> The task
Return, exactly as written, the line containing "为落实学校疫情防控举措,聆听" and every line after it to the end of the records below, with no pictures.

> Data for this task
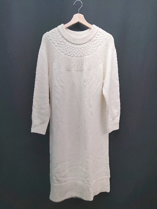 ◇ rope picnic ニット クルーネック ラグラン袖 冬向け 長袖 ロング丈 ワンピース サイズ38 ホワイト レディース E
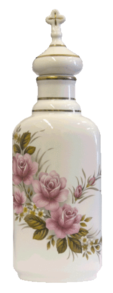 Сосуд "Святая вода" плоский (бел., розовые розы, отводка золотом) 7966
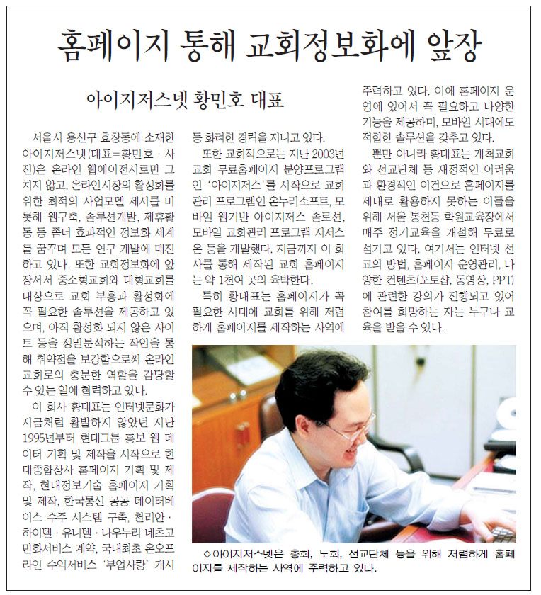 아이지저스 평신도 사역자 소개 기독교신문 2012년 10월 21일자 개제
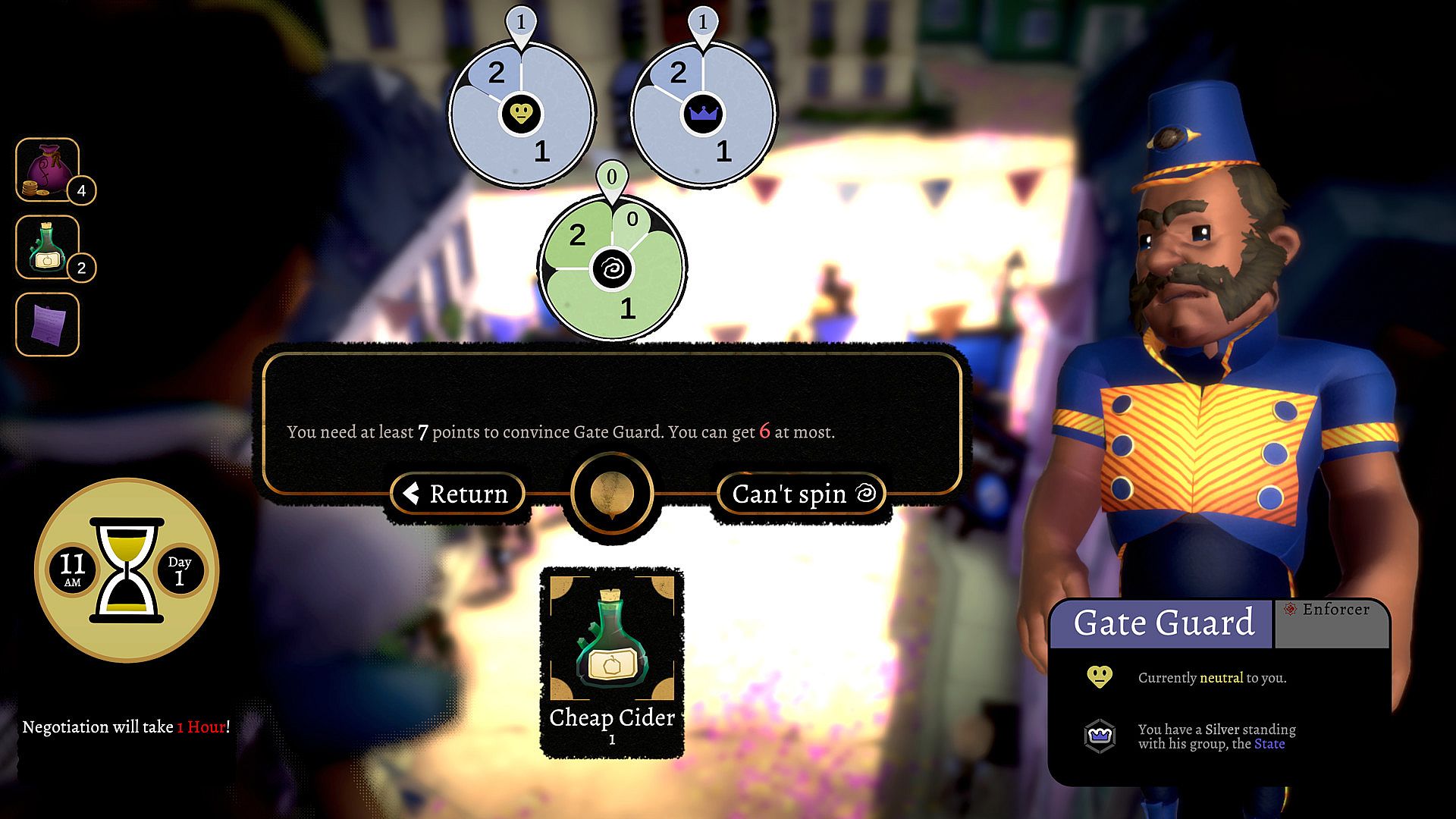 Build influence and win the favor of the people through your charm, helpfulness and skillful social interaction- or resort to blackmail and threats of violence.
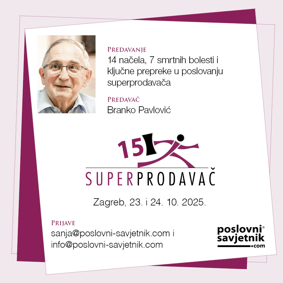 U zagrebačkom kongresnom centru Antunović, 23. i 24.10.2025. održat će se JUBILARNA petnaesta po redu prodajna konferencija Superprodavač, te će se dodijeliti godišnje nagrade B2B Superprodavač godine. Organizator je portal Poslovni savjetnik, konferencija će okupiti oko 150 sudionika.
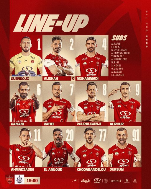 به گزارش دولت بهار به نقل از ایسنا، اسماعیل کارتال ترکیب تیمش برای دیدار برابر ملوان را مشخص کرد. بر همین اساس پرسپولیس با ترکیب گندوز، امید عالیشاه، میلاد محمدی، حسین کنعانیزادگان، سروش رفیعی، مرتضی پورعلیگنجی، علی علیپور، فرشاد احمدزاده، ایوب العملود، محمد خدابندهلو و سردار دورسون به میدان میرود.
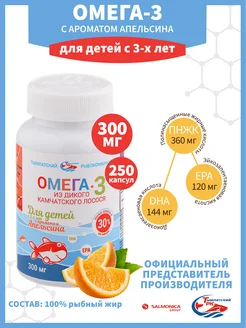 Омега 3 БАД из дикого лосося апельсин детям 250 шт
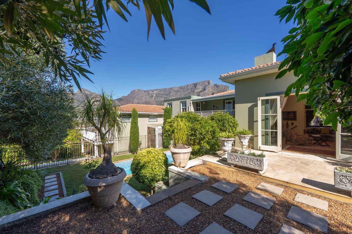 Leafy Tamboerskloof living with city and mountain views — north-facing decks and French doors to garden, flexible layout plus self-contained studio with private entrance; 5 beds, 3 baths, double garage.
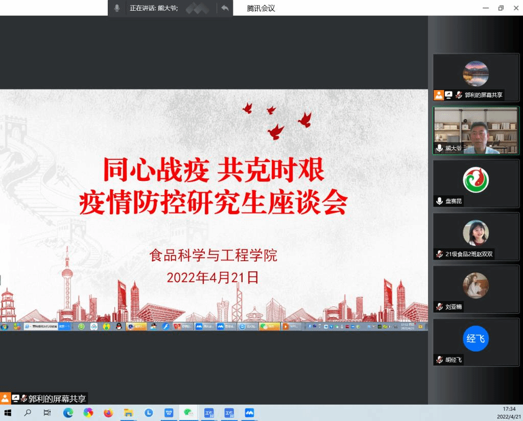 为落实学校疫情防控举措,聆听同学们关心的问题,4月20日至21日,食品科学与工程学院疫情防控本科生、研究生座谈会分别在线上举办。学院党总支书记田德勇、副院长盘赛昆、副院长吴少杰、副书记郭利、辅导员吴凡、辅导员陈丽媛分别与本科生、研究生共50多位学生代表共同参加线上座谈。座谈会由郭利主持。
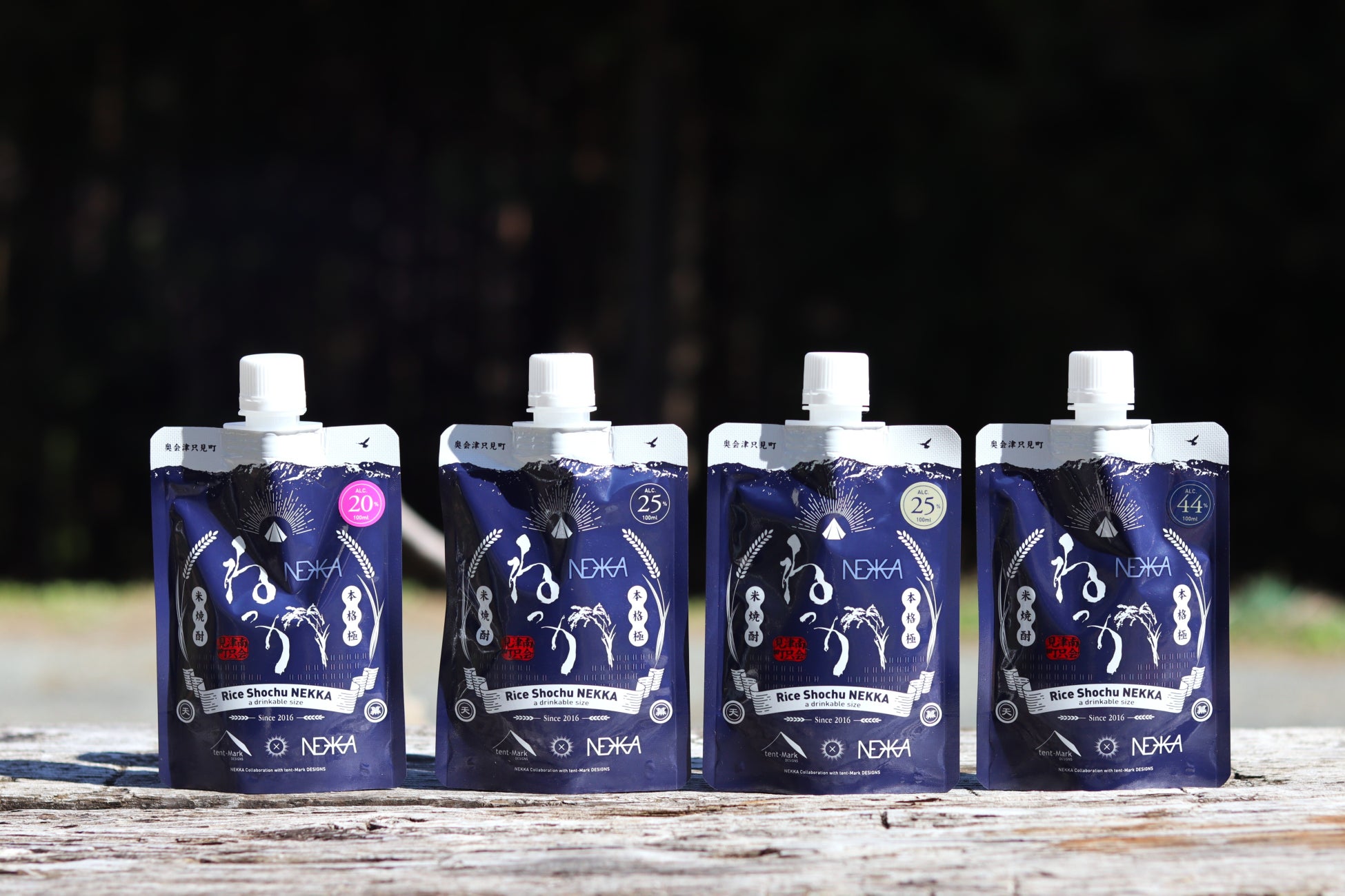 この商品は、ねっかの定番4種類の米焼酎を、アウトドアに適したアルミパウチに詰めたものです。炭酸割りやお湯割り、ロックはもちろん、冷やした炭酸と合わせてハイボールにしたり、冷凍してフローズン焼酎として楽しんだり、お燗にすることも可能です。

> Output for this exercise
 为落实学校疫情防控举措,聆听同学们关心的问题,4月20日至21日,食品科学与工程学院疫情防控本科生、研究生座谈会分别在线上举办。学院党总支书记田德勇、副院长盘赛昆、副院长吴少杰、副书记郭利、辅导员吴凡、辅导员陈丽媛分别与本科生、研究生共50多位学生代表共同参加线上座谈。座谈会由郭利主持。
 この商品は、ねっかの定番4種類の米焼酎を、アウトドアに適したアルミパウチに詰めたものです。炭酸割りやお湯割り、ロックはもちろん、冷やした炭酸と合わせてハイボールにしたり、冷凍してフローズン焼酎として楽しんだり、お燗にすることも可能です。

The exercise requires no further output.